LIVRE«Les Affamés», chroniques d’une jeunesse en droit de s’indigner

«Les Affamés», chroniques d’une jeunesse en droit de s’indigner

LIVRELea Frédeval est l'auteure d'un témoignage drôle et poignant sur la jeunesse d'aujourd'hui..
Anne Demoulin

Anne Demoulin

Edit : Les Affamés sort mercredi au cinéma. Avant de réaliser ce film avec Louane Emera dans le premier rôle, Léa Frédeval avait fait le récit de sa génération dans un essai paru en 2014. retrouvez notre chronique de l'époque. Toujours d'actualité...

Léa Frédeval a 23 ans, «l’esprit de résistance» de Stéphane Hessel et la gouaille de Nora Hamzawi. «Parce qu’on est jeune, on a davantage les capacités de travailler 75 heures par semaine cumulant vie étudiante, boulot et stage?», s’indigne-t-elle dans son livre-témoignage Les Affamés, chroniques d’une jeunesse qui ne lâche rien (Bayard, 18 euros).

Le stage, «né le jour de l'abolition de l'esclavage»

Lors de ses études en Info-Comm, un stage au magazine Elle lui donne envie d’écrire un blog «pour raconter ce qui me troublait, m’énervait ou me plaisait.» Elle lui propose d’en faire un papier. Bayard la repère et lui commande un «livre sur les jeunes, basée sur ma vie qui n’est, ni plus, ni moins extraordinaire que celles des autres.»

Léa Frédeval y déballe tout et ne s’épargne rien. Sans misérabilisme. Le stage en entreprise «né le jour de l’abolition de l’esclavage», les petits jobs souvent mal payés, la famille presque toujours décomposée, l’amour à l’ère du porno et des réseaux sociaux, l’alcool trop vite absorbé et la drogue pour tout oublier.

Elle décrit, non pas les désillusions, mais le manque d’illusions des jeunes d’aujourd’hui. «Etre jeune devrait être synonyme d’insouciance et de légèreté, il n’en est rien. Nous savons trop bien ce qui va nous arriver», déplore l’auteure de 23 ans. Le malaise de celle qui ne se revendique pas comme «le porte-parole d’une génération» coïncide pourtant avec celui des 215.000 participants à l’enquête «Génération quoi?».

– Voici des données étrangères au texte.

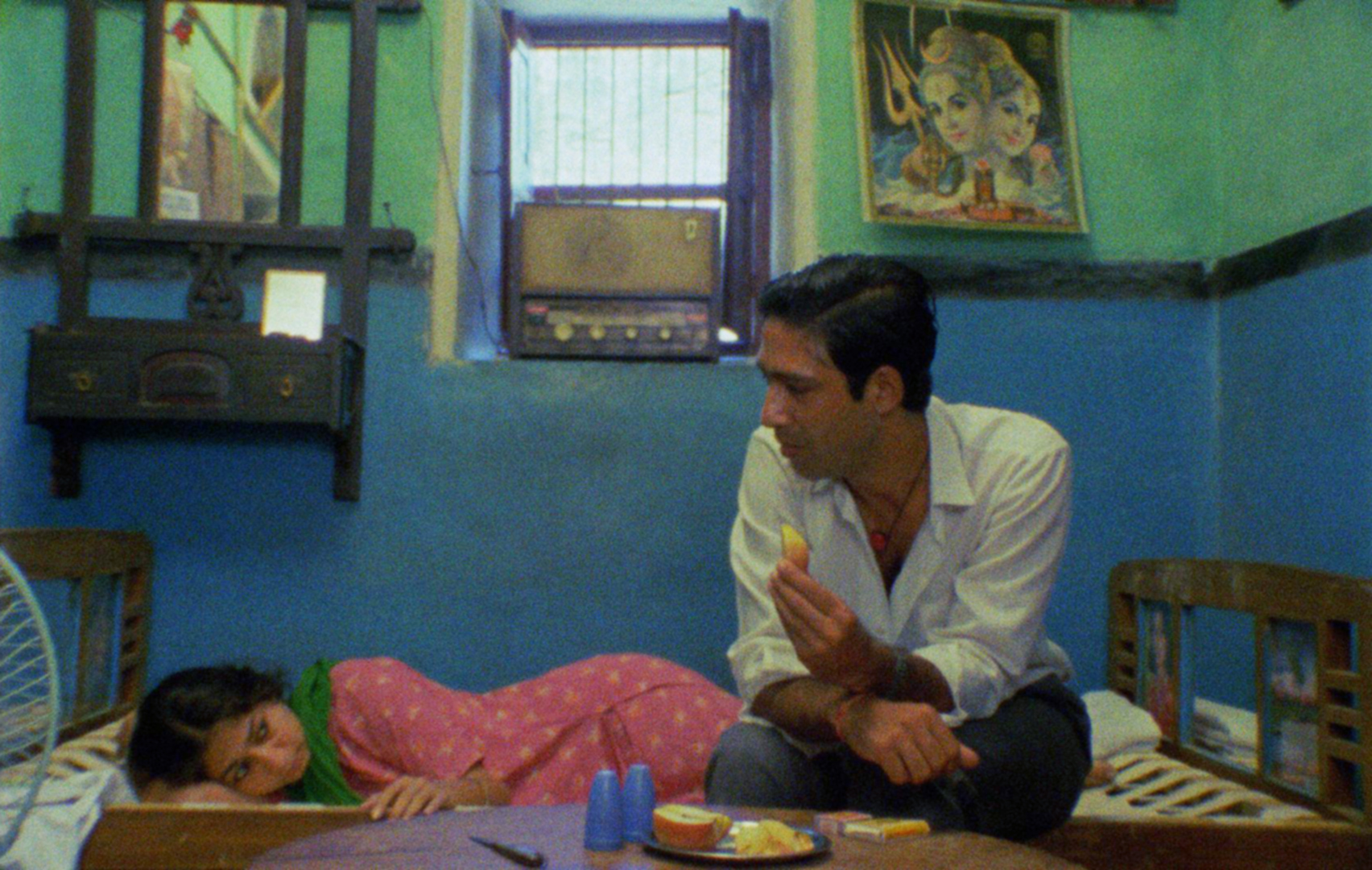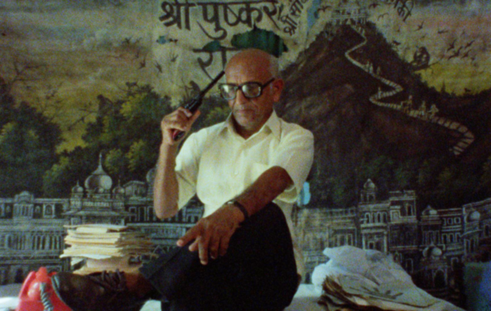 Kamal Swaroop is legendarisch in de Indiase avant-gardecinema; een ongrijpbare auteur van slechts enkele werken die zelden of nooit te zien zijn – of überhaupt vertoond mogen worden. Destijds viel Om Dar-B-Dar bepaald niet in goede aarde bij de autoriteiten, met als gevolg dat de film ‘spoorloos verdween’. Om Dar-B-Dar (een betekenisloze uitdrukking die door Swaroop wordt ‘vertaald’ als ‘I’m-Door-by-Door’) is een surrealistisch (anti)verhaal waarin de held Om maar in één ding heel goed is: zijn adem inhouden, terwijl zijn wetenschappelijk onderzoek (nou ja…) een nogal hoog magisch gehalte heeft. Zijn vader heeft al even buitenissige interesses en wijdt zijn leven aan astrologie; hij heeft er zelfs zijn baan als ambtenaar voor opgegeven. Maar dat klinkt allemaal veel gewoner dan deze vernietigend uitzinnige aanval op zo’n beetje elke heilige koe die India te bieden heeft in feite is.

«Les jeunes sont justes fatigués»

L’auteure décrit une jeunesse précaire qui a faim de réussite et veut sortir de sa condition. «Ce qui est considéré comme normal n’est pas acceptable», fustige-t-elle. «Ma génération est très consciente du monde parce qu’elle a grandi avec Internet. Nous sommes multitâches. Mais nous sommes rarement écoutés», soulève-t-elle encore. Et l’auteure de rêver d’un jour «où tous les jeunes de France feraient grève afin que le monde des adultes se rendent compte que nous sommes utiles.»

La loi sur l'encadrement des stages, votée par l'Assemblée nationale la nuit du 24 février, n’y fera rien. «On se donne partout tout le temps. Tout ça, sans merci, ni espoir de trouver du boulot. Les jeunes ne sont pas en colère, ils sont justes fatigués», vitupère-t-elle. La loi qui impose une durée minimale des contrats à temps partiel de 24 heures hebdomadaires? «Incompatible avec la vie d’un étudiant qui ne peut parfois travailler que 18 heures par semaine.»

«Les adultes doivent nous faire confiance», conclut la jeune femme, qui offre aux «vieux cons», un «sésame» pour mieux comprendre les aspirations de la jeunesse d’aujourd’hui. A dévorer de toute urgence.